What's HAProxy and why are we complicating things?

HAProxy (High Availability Proxy) is a reverse proxy, also known as a load balancer. A reverse proxy sits between backend server(s) and clients forwarding requests to the appropriate server. There are a lot of reasons one would want to use a reverse proxy but if you're reading this, you're likely a beginner or homelabber. I'll focus on what's important to me (and likely you) which differs from an enterprise environment.

1. Content-Based Routing

   This is the most crucial feature in my opinion for both the home and enterprise user. Here are a few general use cases enabled by HAProxy:

   • Multiple domains single public IP:Port
   • Multiple apps on a shared backend server
   • Routing based on subdomain

   You likely only have one public IP address, and want to use standard ports (80 and 443) for your websites. HAProxy can listen to these ports and route traffic based on the domain name in the HTTP header to the corresponding backend server and port.
   
   While not necessarily a security product, a reverse proxy can improve your security posture by reducing the number of “holes” in your firewall (port forwards) and masking the IP address of backend servers.

2. SSL Termination

   HAProxy can handle SSL termination, meaning it can decrypt incoming HTTPS requests and forward them to the backend server. Setting up and renewing certs across multiple backend services can be time-consuming, error-prone, and fragile. Separating SSL handling from the backend server reduces complexity, especially when tinkering or supporting multiple backends. I find certificate management for containerized applications (Docker) particularly difficult, this removes that headache.
   
   Performing SSL termination on HAProxy may have performance benefits as well. For example, my PFSense appliance has specialized hardware, Intel QAT, for SSL acceleration, which my backend servers lack. This is unlikely to be of practical concern, unless you're running a high traffic site on a Raspberry Pi 😉.
   
   Finally, SSL termination is required to fully utilize intrusion detection and prevention systems like Suricata as core features like deep packet inspection are not possible on encrypted traffic.
   
   We'll be using SSL termination in the guide below, but advanced topics like Suricata will be left for another day.

3. Load Balancing

   Unsurprisingly, a tool called a load balancer can balance the load across multiple backend servers. HAProxy can also be provisioned to handle failover, health checks, and sticky sessions. This is similar to the content-based routing feature, but instead of routing based on the domain, it routes based on the load or health of the backend server.

Why Cloudflare

I decided to move my domain over to Cloudflare when I started this project. My previous provider was not supported by ACME, didn't have DDNS functionality, and I wanted to take advantage of Cloudflare's features. Cloudflare can be used without transferring, but it seemed worthwhile to consolidate. The transfer was painless, and I highly recommend it as Cloudflare offers a variety of benefits, even in its free tier. Some features that are important to me:

1. DNS Services

   Cloudflares DNS Service supports ACME, DDNS, and is highly optimized.

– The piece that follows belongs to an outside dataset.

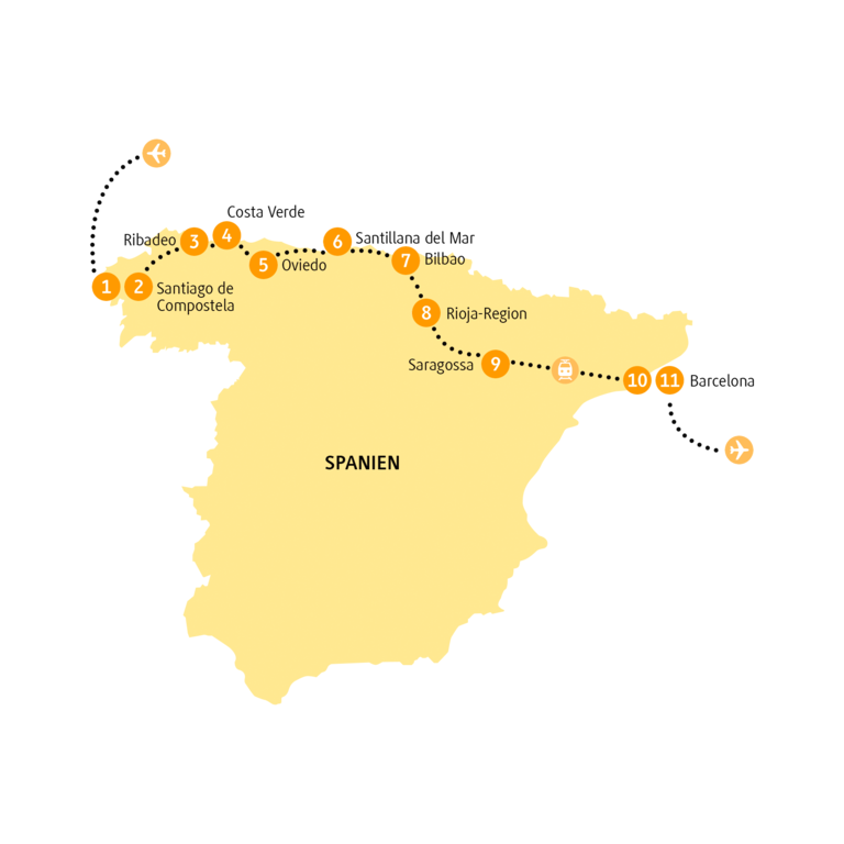 <Oviedo ist die Hauptstadt des ersten christlichen Königreichs der Iberischen Halbinsel und heutzutage Hauptstadt des Fürstentums Asturien. Sie gilt als politisches, wirtschaftliches und kulturelles Zentrum der autonomen Region. Und nicht nur das. Sie ist auch Ursprung des Jakobswegs, denn hier befindet sich der 0-km-Punkt der Jakobsroute. Wir stürzen uns zunächst auf die kulturellen Besonderheiten und besuchen die Kathedrale, in der kostbare Reliquien aufbewahrt werden. Dann wird es Zeit, eine typische Sidrería zu besuchen. In der Apfelweinstube erfahren wir alles Wissenswerte über das leckere Getränk. Nach der Verköstigung kommt dann wahrscheinlich auch schon langsam etwas Appetit auf. Kein Problem! Im eineinhalb Stunden entfernten Arenas de Cabrales haben wir eine kleine Käseprobe samt Tour durch die Käserei für dich eingeplant. Im Herzen der Picos de Europa wird laut Meinung vieler der beste Käse Spaniens produziert. Nur zu: Bilde dir selbst ein Urteil! Sobald du ausreichend Energie getankt hast, brechen wir auf zu unserem heutigen Übernachtungsort nahe Santillana del Mar. Am Abend ist Zeit für die Erkundung der Altstadt. Hier sticht vor allem die Stiftskirche aus dem 12. Jahrhundert hervor, verdient nicht weniger Aufmerksamkeit. -

2. Content Delivery Network (CDN)

   Cloudflare caches your content on servers around the globe, reducing the load on your server and improving performance for clients.

3. Security

   Cloudflare offers protection against Distributed Denial of Service (DDoS) attacks and provides a basic Web Application Firewall (WAF) in the free tier.

If you read the section above, you likely have a good idea of how Cloudflare works; that's right, it's a reverse proxy performing SSL termination. If you don't have any interest in Cloudflare that's fine, most of the guide will still apply.

Getting to work

With the what and why out of the way lets get into the how.

Installing Packages

We'll start by installing the ACME and HAProxy packages on pfSense. Navigate to System/ Package Manager/ Available Packages, search for ACME and HAProxy, and click install. When you're done, you'll see them in the installed packages tab and the services menu.

Change Admin Port

Do not skip this step! We'll be using ports 80 and 443 for HAProxy, so we need to change the pfSense admin port. Failure to do so will result in a conflict locking you out of the web interface. Go to System/ Advanced/ Admin Access, change TCP port and click save. I personally use 10443, but you can use any open port. Note that you'll need to include the new port in the URL when accessing the pfSense web interface ex. https://192.168.1.1:10443

You may have an understanding spouse now, but that's unlikely to last if bring down the internet for a few hours when tinkering a few beers deep.

I recommend you get familiar with the recovery instructions and have the necessary drivers installed before an outage.

Configuring ACME with Cloudflare

Create an ACME Account

First, we need to create an account key. Navigate to Services/ ACME/ Account Keys and click Add. Complete the form being sure to set ACME Server to Let's Encrypt Production ACME v2. Click Create a new account key then Register ACME key and finally Save.

Ultimately, we want to create a new certificate with ACME using the DNS-Cloudflare method. This requires an API token from Cloudflare along with some other information we'll get in the next section before jumping back into ACME.

DNS Configuration (Cloudflare)

I'm assuming you already have a domain with DNS through Cloudflare. If not, you can buy a new domain from Cloudflare at cost, transfer an existing one, or just change the existing one's DNS servers. Alternatively, you can skip this section and proceed with the guide using a different DNS provider supported by ACME.

Log into Cloudflare, select your domain, then click DNS on the left. We'll need to add A records @, *, www which Cloudflare will expand to the correct text for your domain. Technically, * covers www, but I like to be explicit to avoid confusion. We'll need to temporarily disable the Proxy status (orange cloud) for these records to allow ACME to validate the domain ownership. If you're not planning to set up email for your domain I recommend clicking the prompt set up restrictive SPF, DKIM, and DMARC records which will prevent email spoofing.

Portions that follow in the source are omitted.